Spirit of 2012 funding enables research into volunteering and its inclusivity

Categories: School of Health and Society

Spirit of 2012, the London 2012 legacy funder has today awarded a grant of £29,858 to carry out new research into the background, nature and experiences of disabled people who volunteer. A team of four researchers, coordinated by Kim Donahue Associates, will undertake the project, with the quantitative analysis undertaken by Dr Daiga Kamerāde from the University of Salford.


The team will work in collaboration with HEAR, a pan-equality network of voluntary/community sector organisations. Using data from Understanding Society, the UK Household Longitudinal Study, the research will be used to profile disabled and non-disabled volunteers and understand how patterns of volunteering have changed during the pandemic. The team will also undertake six in-depth case studies with organisations that currently work with volunteers.

This inclusive volunteering programme is practised-based research, believed to be the first of its kind, into the background and experiences of disabled volunteers, with results expected to be published by April 2022.

Véronique Jochum, Social Research Consultant, said: “Volunteering and disability is still an area that is under-researched. We are excited about addressing some of the evidence gaps and add new insights to help organisations develop opportunities that bring together disabled and non-disabled volunteers.

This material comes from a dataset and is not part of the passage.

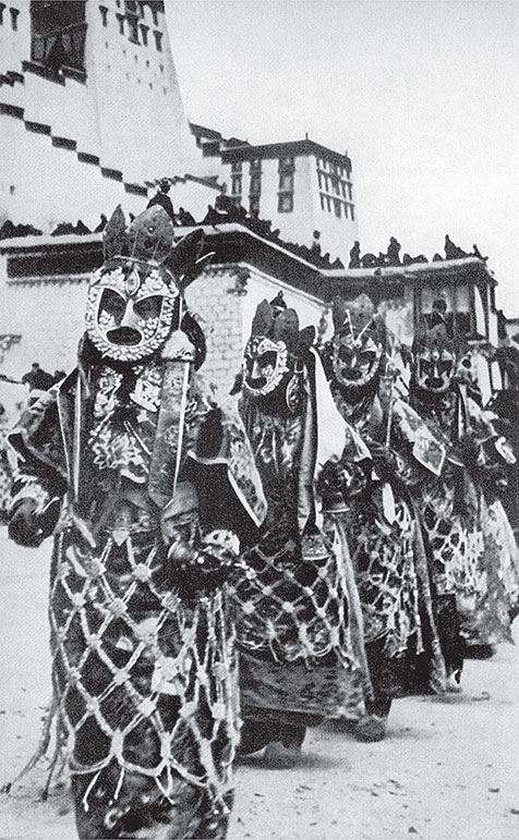 Монахи, танцующие во время празднования «малого Нового года» в столичном районе Шо у подножия Поталы. На них раскрашенные деревянные маски и сетчатые «фартуки», сделанные из человеческих костей и слоновой кости. В руках – ритуальные жезлы-ваджры и колокольчики

Dr Daiga Kamerāde, a Reader in Work and Wellbeing at University of Salford, said: “Ours will be the first project of its kind to produce detailed statistics on different types of disability and how they combine with a person’s gender, age, ethnicity and other characteristics to create their unique experiences of volunteering.”

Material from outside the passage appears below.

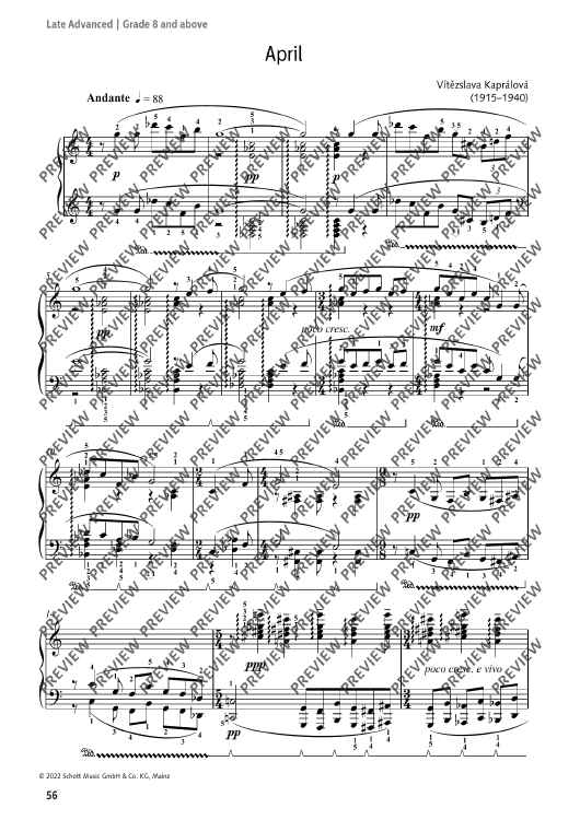 Digital Sheet Music for April by Vita Kapralova scored for Piano; id:499817

Ruth Hollis, CEO of Spirit of 2012, said: “When done well, volunteering is hands-down a good thing; the pandemic has pulled that into focus in a way that we haven’t seen before. There are benefits for the organisation, the end user and a positive impact on the wellbeing of the volunteer.

“And when disabled and non-disabled people volunteer together, there are huge advantages, not least in tackling prejudice around disability. We’re delighted to take the lead in funding this important work which has a very singular rationale – to make volunteering, whatever its context, more inclusive.”

The insights from the research will help organisations that have volunteer programmes, or are considering working with volunteers, to develop inclusive volunteering practices that are open to both disabled and non-disabled people on equal terms.